Extracted records:
========================================================================

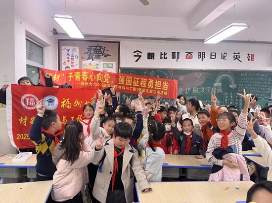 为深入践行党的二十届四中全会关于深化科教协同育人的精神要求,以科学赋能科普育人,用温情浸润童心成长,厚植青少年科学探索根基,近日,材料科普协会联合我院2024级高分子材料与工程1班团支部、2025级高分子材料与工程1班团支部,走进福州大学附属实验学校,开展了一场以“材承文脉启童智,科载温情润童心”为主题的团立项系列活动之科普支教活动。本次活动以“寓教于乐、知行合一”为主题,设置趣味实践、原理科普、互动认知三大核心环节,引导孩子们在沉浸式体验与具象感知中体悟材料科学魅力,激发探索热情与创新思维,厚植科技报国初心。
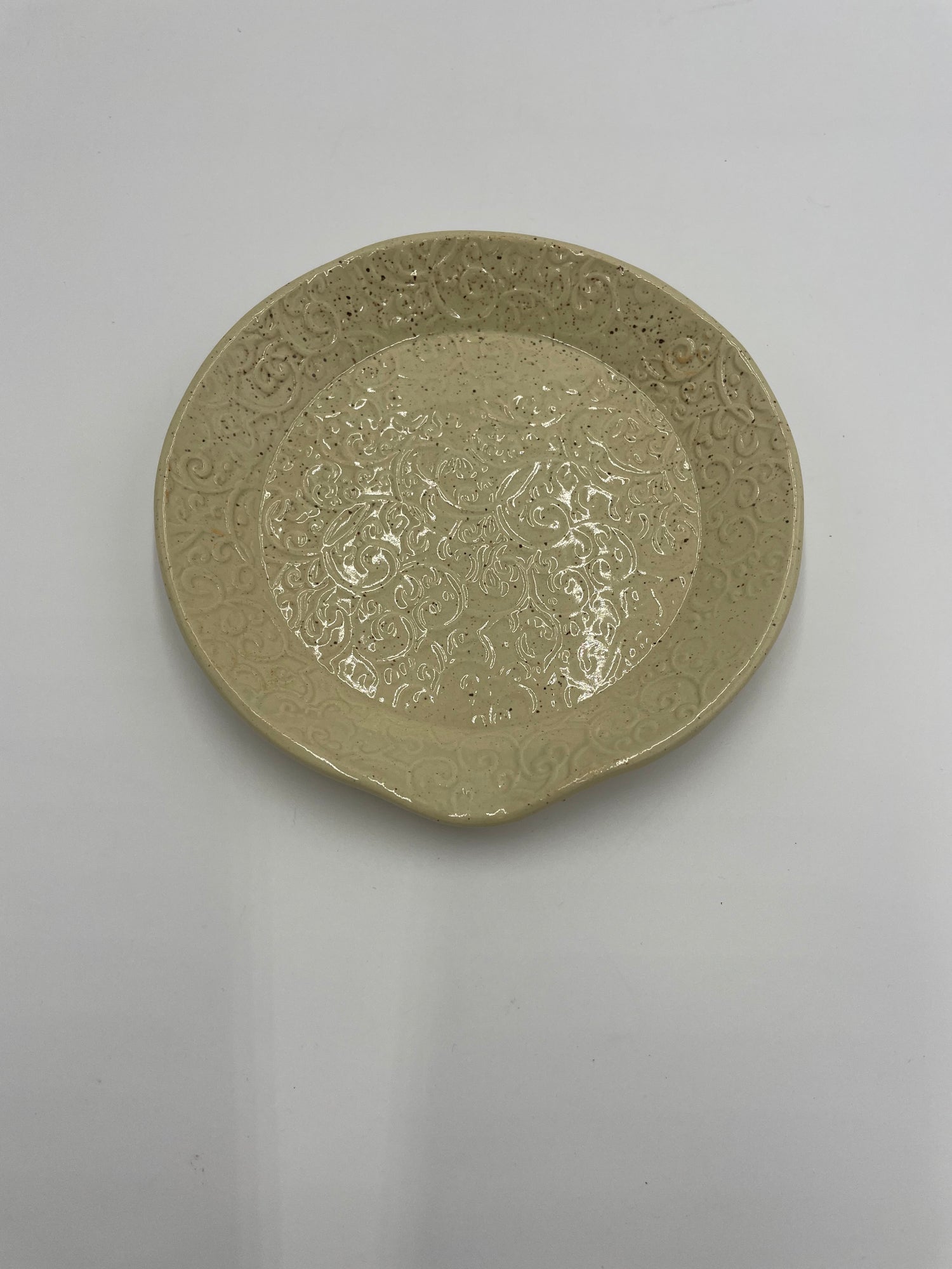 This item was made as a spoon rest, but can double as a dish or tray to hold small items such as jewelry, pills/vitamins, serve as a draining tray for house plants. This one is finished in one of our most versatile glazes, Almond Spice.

========================================================================

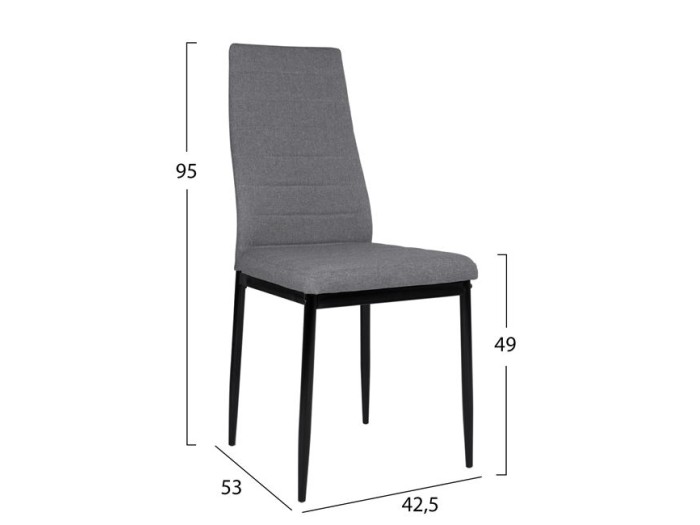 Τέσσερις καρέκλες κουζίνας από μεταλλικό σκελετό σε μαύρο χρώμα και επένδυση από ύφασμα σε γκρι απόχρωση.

========================================================================

Exercise aim: Only one stretch of the listing above is to be duplicated: the lines from the one containing "为深入践行党的二十届四中全会" through the one containing "This item was", both included. Copy them exactly, minus the pictures.

Response:
 为深入践行党的二十届四中全会关于深化科教协同育人的精神要求,以科学赋能科普育人,用温情浸润童心成长,厚植青少年科学探索根基,近日,材料科普协会联合我院2024级高分子材料与工程1班团支部、2025级高分子材料与工程1班团支部,走进福州大学附属实验学校,开展了一场以“材承文脉启童智,科载温情润童心”为主题的团立项系列活动之科普支教活动。本次活动以“寓教于乐、知行合一”为主题,设置趣味实践、原理科普、互动认知三大核心环节,引导孩子们在沉浸式体验与具象感知中体悟材料科学魅力,激发探索热情与创新思维,厚植科技报国初心。
 This item was made as a spoon rest, but can double as a dish or tray to hold small items such as jewelry, pills/vitamins, serve as a draining tray for house plants. This one is finished in one of our most versatile glazes, Almond Spice.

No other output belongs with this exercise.